Nacional

Morte é tabu para mais de 70% dos brasileiros

Falar sobre a morte é um tabu para mais de 73% dos brasileiros. É o que mostra a pesquisa inédita, encomendada pelo Sindicato dos Cemitérios e Crematórios Particulares do Brasil (Sincep) e realizado pelo Studio Ideias, divulgada na segunda-feira (24) na abertura do evento "Inpirações sobre vida e morte", em São Paulo.

Os números jogam luz em características da nossa cultura e ajudam a entender o que o brasileiro pensa ao lidar com o fim da vida. Segundo o resultado da pesquisa, o brasileiro tem mais medo de perder alguém do que da própria morte. 

Veja abaixo alguns dados:

  • 82,4% dos brasileiros acham que não tem nada mais sofrido que a dor da perda de alguém
  • 79% acham que nunca é a hora certa
  • 63% acham que a tristeza está associada à morte
  • 48,6% não estão prontos para lidar com a morte de outra pessoa
  • 30% têm muito medo de morrer
  • 30,4% não sabem como ou com quem falar sobre morte
  • 10% acreditam que falar sobre atrai a morte

Dificuldade de falar no assunto

Para boa parte dos brasileiros, a morte está diretamente associada a sentimentos ruins como dor, tristeza e saudade, e isso faz com que as pessoas tenham dificuldade de falar sobre o assunto. Esta sensação não passa com o tempo.

"A maioria não gosta de falar sobre morte. A questão da idade não muda a relação, a gente não ganha familiaridade conforme envelhece. O assunto é tão distante que mesmo mais velho eu continuo não querendo conversar", explica Gisella Adissi, presidente do Sincep e dona de cemitério.

Somente 21% dos jovens discutem o tema e o assunto não fica muito mais recorrente ao longo da vida. Acima dos 55 anos, apenas 32,5% conversam sobre morte.
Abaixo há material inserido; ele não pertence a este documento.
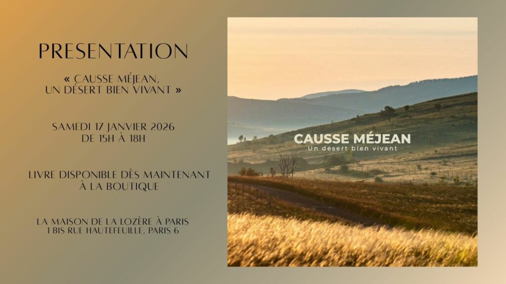 Plus qu’une lecture, c’est une évasion à travers ce territoire lozérien qui vous attend. C’est ainsi que l’Association Le Méjean présente cet ouvrage réalisé par ceux qui connaissent le mieux et habitent le Causse Méjean. Seront présents : Evelyne Perrichon, vice-Présidente de l’Association du Méjean ; Sarah Dejean, agricultrice sur le Causse ; Alain Joie, membre du Conseil d’Administration de l’Association, et Marie Descourtieux, membre du Conseil d’Administration et porteuse de ce projet de présentation à la Maison de la Lozère.

Entre as mulheres, o tema é ligeiramente mais recorrente: 29,3%.

Assunto íntimo

A dificuldade nem sempre reside na perda de alguém ou no medo da morte, mas no receio de ter uma conversa considerada íntima (57,4% acreditam que o tema pertence à intimidade) e que traz à tona justamente os sentimentos ruins associados ao tema. Isso é o que acreditam 76% dos entrevistados.

Para mais de 48%, falar sobre o assunto é depressivo e para 27,8% é mórbido. Para mais de 30%, morte é algo solitário e não deve ser dividido.

Além disso, a dificuldade de lidar com os próprios sentimentos também colabora para que a discussão seja considerada um tabu: 17% declararam não gostar de deixar transparecer seus sentimentos e 7,2 % acreditam que falar sobre a morte é um sinal de fraqueza.

A 'morte' dos rituais

Os rituais relacionados à morte também mudaram. Mais de 50% dizem não participar da missa de 7º dia, antes tradicional. O uso do preto também não é mais visto como necessário.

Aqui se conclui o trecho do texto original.